ASSIGNMENT: From top to bottom, retype the data exactly, passing over any picture.

DATASET CONTENT:
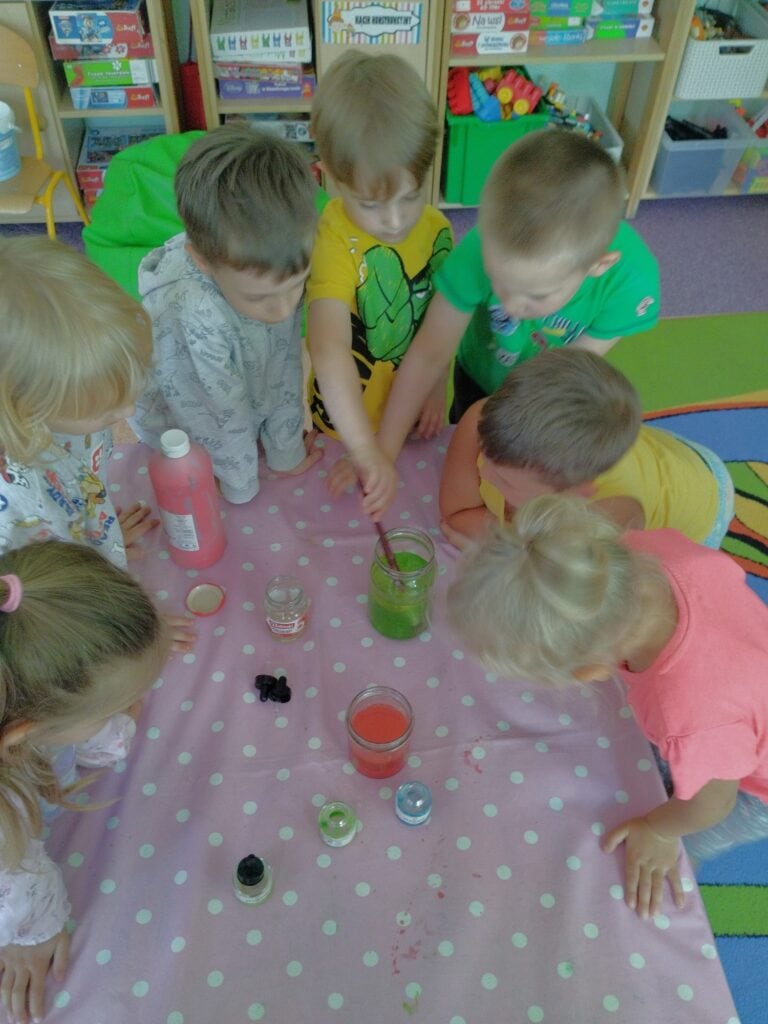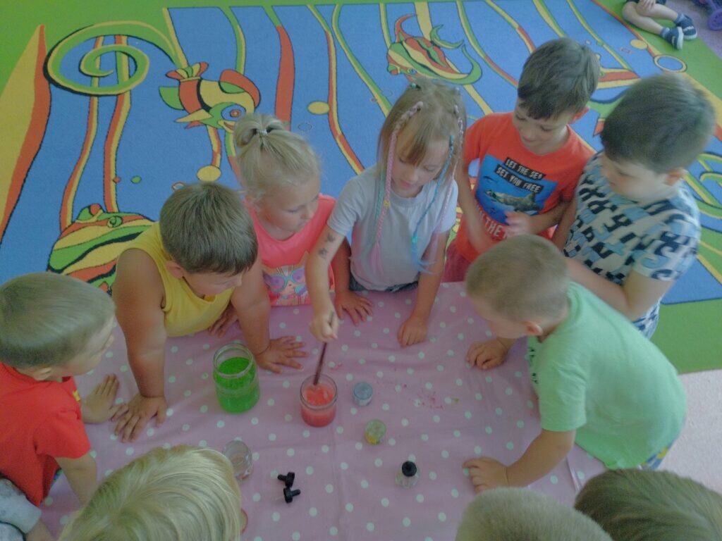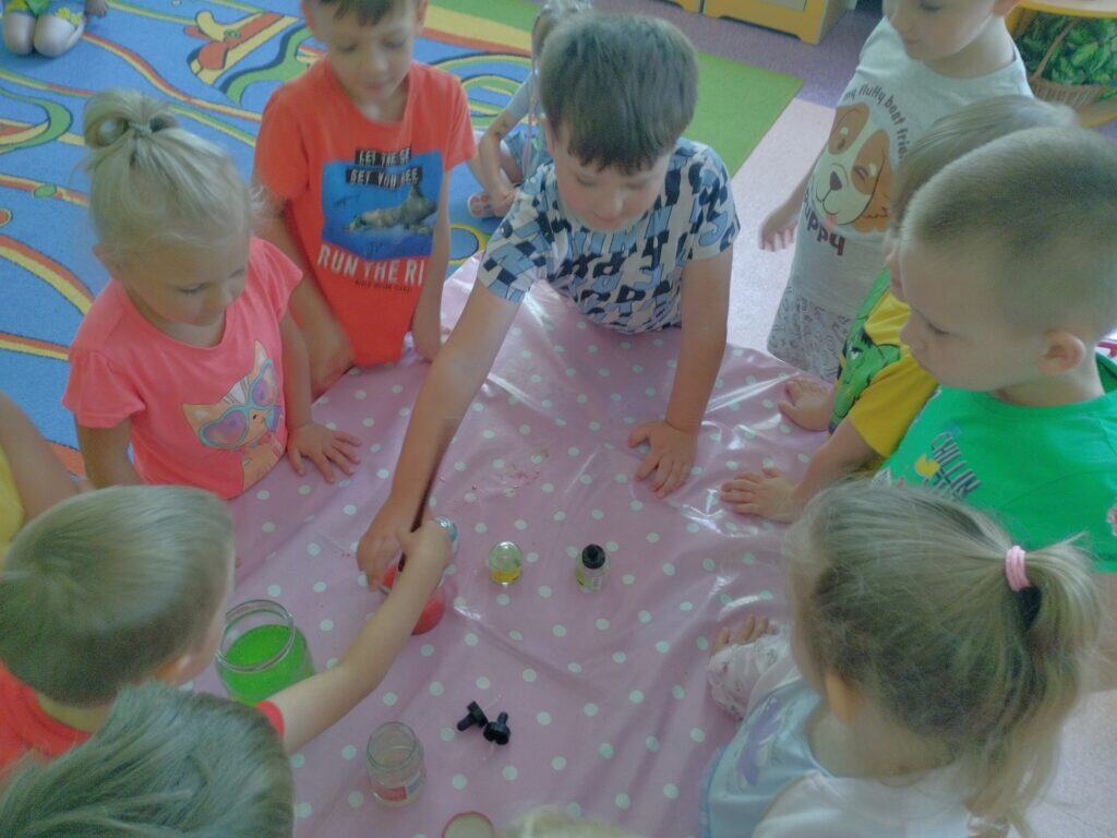 Trochę też poeksperymentowaliśmy. Do słoiczków wlaliśmy wodę, olej i dodaliśmy farby – w jednym słoiku była farba typu gwasz, a w drugim ecolina. Do każdego dodaliśmy także musującą witaminę, która zaczęła tworzyć bąbelki. Dzieci z zaciekawieniem mieszały składniki, obserwując i porównując, jak substancje się rozwarstwiają. Podejmowaliśmy próby wnioskowania i teraz wszystkie Motylki wiedzą, że woda nie łączy się z olejem – niezależnie od tego, jak długo będziemy mieszać – i że olej zawsze wypływa na powierzchnię.
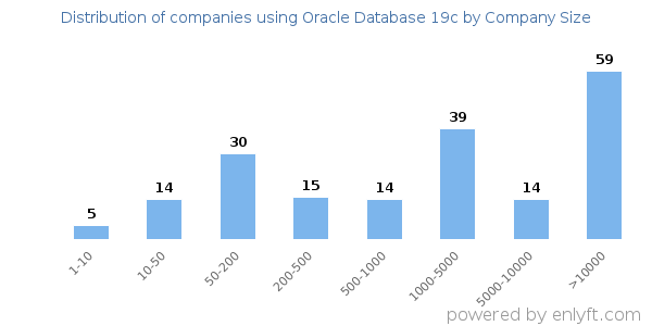 Of all the customers that are using Oracle Database 19c, a majority (57%) are large (>1000 employees), 9% are small (<50 employees) and 29% are medium-sized.
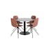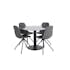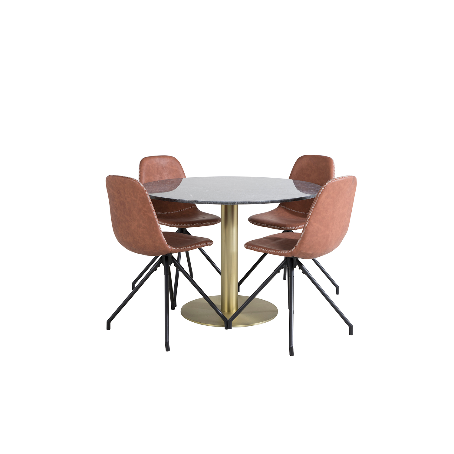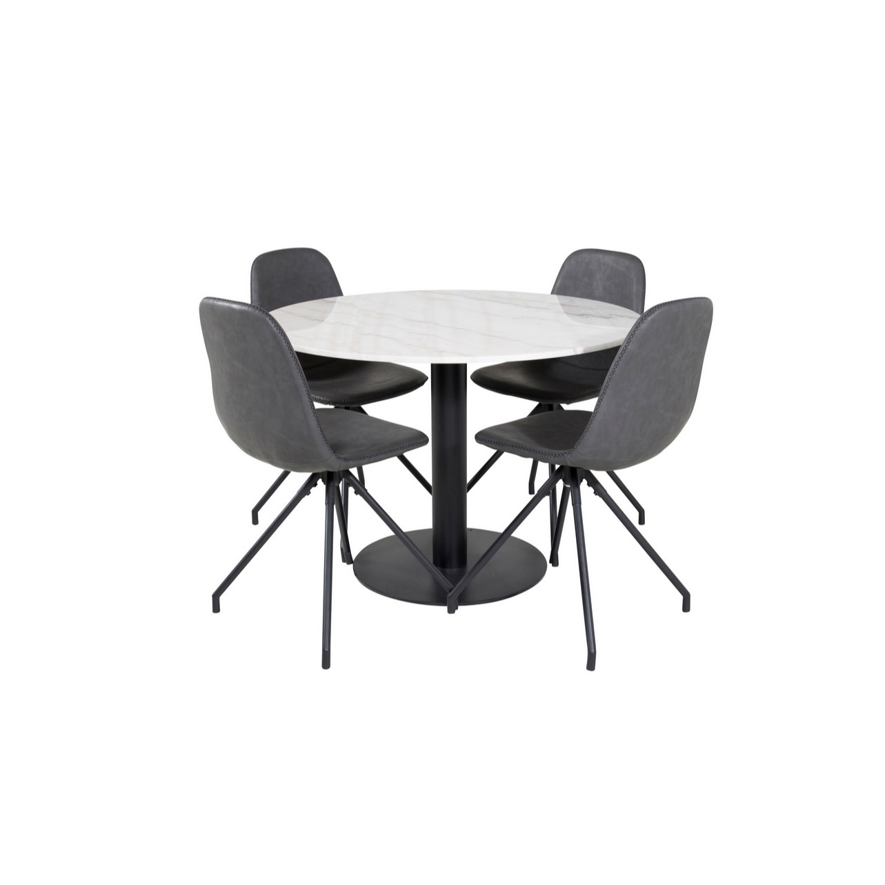 Matgrupp Estelle med 4 Pobbie Stolar Konstläder från Venture Home är en elegant matgrupp med ett runt matbord i modern design med trumpetfot i pulverlackerad metall med en bordsskiva i marmor. Det medföljer fyra matstolar i en helklädd design med snurrfunktion, stomme och ben i svart pulverlackerad metall med en lätt rundad rygg och sits i stoppat konstläder med dekorsöm. Lättare montering krävs.
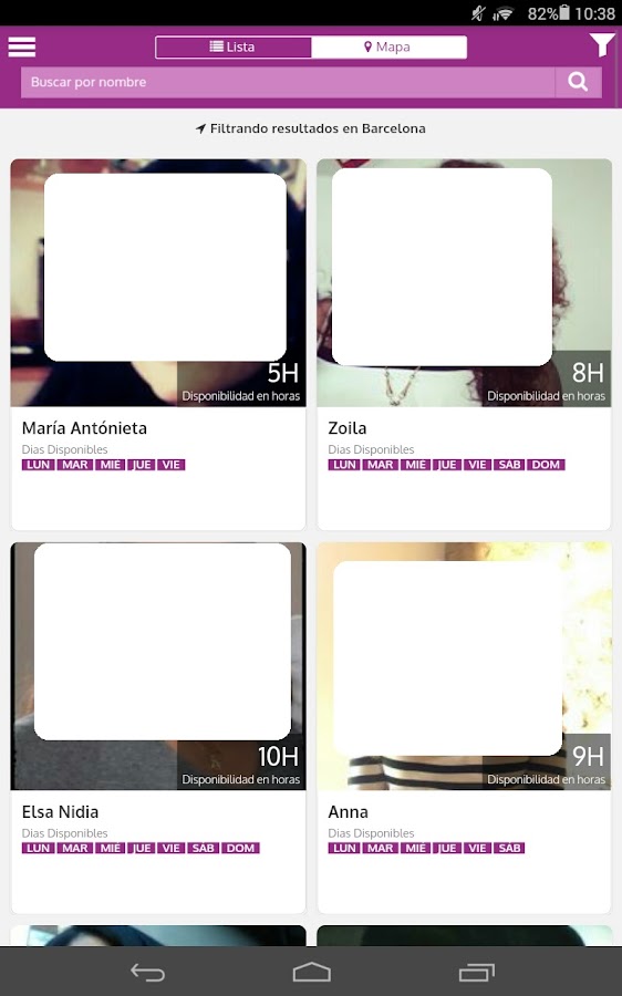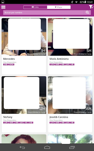 La app nos permite ver los resultados en un mapa o en una lista. Al seleccionar a alguna de las mamás, veremos sus datos y la app nos permitirá ponernos en contacto con ellas.

SOLVED PROBLEM:
 Trochę też poeksperymentowaliśmy. Do słoiczków wlaliśmy wodę, olej i dodaliśmy farby – w jednym słoiku była farba typu gwasz, a w drugim ecolina. Do każdego dodaliśmy także musującą witaminę, która zaczęła tworzyć bąbelki. Dzieci z zaciekawieniem mieszały składniki, obserwując i porównując, jak substancje się rozwarstwiają. Podejmowaliśmy próby wnioskowania i teraz wszystkie Motylki wiedzą, że woda nie łączy się z olejem – niezależnie od tego, jak długo będziemy mieszać – i że olej zawsze wypływa na powierzchnię.
 Of all the customers that are using Oracle Database 19c, a majority (57%) are large (>1000 employees), 9% are small (<50 employees) and 29% are medium-sized.
 Matgrupp Estelle med 4 Pobbie Stolar Konstläder från Venture Home är en elegant matgrupp med ett runt matbord i modern design med trumpetfot i pulverlackerad metall med en bordsskiva i marmor. Det medföljer fyra matstolar i en helklädd design med snurrfunktion, stomme och ben i svart pulverlackerad metall med en lätt rundad rygg och sits i stoppat konstläder med dekorsöm. Lättare montering krävs.
 La app nos permite ver los resultados en un mapa o en una lista. Al seleccionar a alguna de las mamás, veremos sus datos y la app nos permitirá ponernos en contacto con ellas.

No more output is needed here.